By contrast, the National Literacy Trust report places a central emphasis on what it calls ‘critical digital literacy’. It has also produced suggestions and resources (of variable quality) designed to support teaching about online news in particular. Yet astonishingly, the report completely omits any mention of the subject in which teaching about news has been a staple concern for the past fifty years: namely, Media Studies. I’m getting tired of saying this, but media teachers have developed some very sophisticated approaches to tackling this area, which go well beyond the rather tiresome approaches to ‘spotting fake news’ that are generally on offer. Once again, the key point is that we are talking about media here, not only about digital technology: what we need is not technical know-how or skills in ‘spotting’ fake news, but systematic approaches to analyzing and teaching about media.

As I’ve argued in earlier posts, digital and social media do bring new issues to the table for media educators.

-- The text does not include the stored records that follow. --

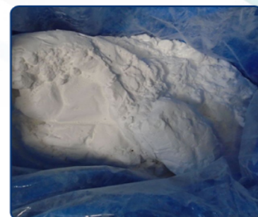
Para Chloro Benzophenone
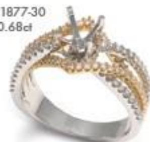
G-SGR1877-30 113 = 0.68ct
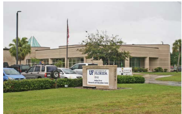
University of Florida IFAS Research & Education Center

For example, we need to be teaching about how algorithms and search engines work; about the new forms of discourse and representation that have emerged online; and about the debates and controversies that surround issues like hate speech, online ‘addiction’ and (yes) ‘fake news’. Unfortunately, the revised specifications for Media Studies offer very few opportunities for doing this.

Nevertheless, media education offers a clear and well-developed critical framework for teaching and learning about digital media, and a plethora of engaging and challenging classroom strategies. This is the kind of approach that should be informing current discussions of ‘digital literacy’. We really don’t need to reinvent the wheel.

2 thoughts on “Who needs ‘digital literacy’?

  1. Pingback: Changing English – Disappearing Media? | David Buckingham

  2. Pingback: What are children’s media rights? | David Buckingham

Comments are closed.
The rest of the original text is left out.